Der russische Präsident Putin besuchte, nach 31 Jahren wieder als erstes russisches bzw. sowjetisches Staatsoberhaupt, im Dezember 2004 die Türkei. Erdoğan erwiderte den Besuch im Januar 2005.
Zypern
Es gibt Unstimmigkeiten wegen der in Nordzypern stationierten türkischen Soldaten. Der Versuch von der Republik Zypern, Flugabwehr-Raketen auf der Insel zu stationieren, führte Mitte der 1990er Jahre fast zu einem Krieg, die Raketen wurden nicht stationiert.
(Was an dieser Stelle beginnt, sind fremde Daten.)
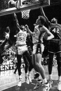 Kenny Walker - Shot at the buzzer defeats the Charles Barkley-led Auburn squad and clinches the SEC Tournament title for the first time since the tournament was reinstated. "With three seconds left, Jim Master bounced a pass to Walker just to the right of the key, and he shot with two seconds left. The ball hit the front of the rim, bounced up and through the net as the buzzer sounded. 'One of the greatest things about this victory,' said Kentucky coach Joe B. Hall, 'is that maybe now folks will stop saying the tournament isn't important to us.'" - Atlanta Journal and Constitution, March 11, 1984.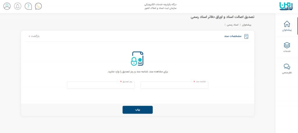 استفاده از خدمات شخصی در این درگاه نیازمند ایجاد حساب یوزری است، اما برخی خدمات عمومی مانند تصدیق اصالت سند ممکن است بدون نیاز به لاگین نیز در دسترس باشند.

Die Türkei strebt eine Einigung auf Grundlage des Annan-Plans an, lehnt aber eine vorherige Anerkennung der Republik Zypern ab.
Bulgarien
Die massive Unterdrückung der aus der Zeit der über 500-jährigen türkischen Herschafts über Bulgarien von 1393 bis 1878 verbliebenen türkischen Minderheit durch das sozialistische Regime in Bulgarien sorgte insbesondere in der Zeit des Kalten Krieges stets auch für Spannungen zwischen den beiden Ländern. Mitunter kam es im Zuge des Widerstands zu terroristischen Anschlägen seitens der türkischen Minderheit gegen Ziele in Bulgarien (u. a. Bombenanschlag auf einen Zug 1985). Heute ist der Konflikt weitestgehend abgeschwollen und die Regierungen beider Länder pflegen nicht zuletzt wegen der wirtschaftlichen Bedeutung der Türkei für Bulgarien gute Beziehungen.
Bosnien-Herzegowina
Während des Bosnienkrieges unterstützte die Türkei eine internationale Regelung des Konflikts. Die türkische Politik war bemüht die Emotionen im Inland zu beruhigen, um nicht eine Radikalisierung der Bevölkerung zu fördern.
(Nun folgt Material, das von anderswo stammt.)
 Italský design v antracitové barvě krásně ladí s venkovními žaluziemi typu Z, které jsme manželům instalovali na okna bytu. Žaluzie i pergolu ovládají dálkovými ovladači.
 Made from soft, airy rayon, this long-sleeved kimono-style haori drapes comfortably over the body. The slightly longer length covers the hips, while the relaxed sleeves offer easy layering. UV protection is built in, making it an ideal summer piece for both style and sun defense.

In der Türkei leben viele bosnisch-stämmige Türken, die sich mit ihren „Verwandten“ sehr verbunden fühlen. Andererseits bestand ein Zusammengehörigkeitsgefühl mit den „Moslemischen Brüdern“. Hinzu kommt, dass eine türkische Minderheit in der Region lebt.
Die Türkei ist im Rahmen der Friedensmissionen der NATO mit Soldaten in Bosnien-Herzegowina vertreten. Während der Kriege nahm die Türkei viele Flüchtlinge aus der Region auf.
Kosovo
Die Türkei war der dritte Staat, der die Unabhängigkeit des Kosovos am 17. Februar 2008 anerkannte. Es bestehen inzwischen auch diplomatische Beziehungen zu Kosovo, dessen Unabhängigkeit als Staat umstritten ist. [4]
Naher Osten
Israel
Die Türkei unterhält enge Beziehungen zu Israel. Israel bildet einen wichtigen Verbündeten für die Türkei in der Region. Komplettiert wird die strategische Allianz durch die USA.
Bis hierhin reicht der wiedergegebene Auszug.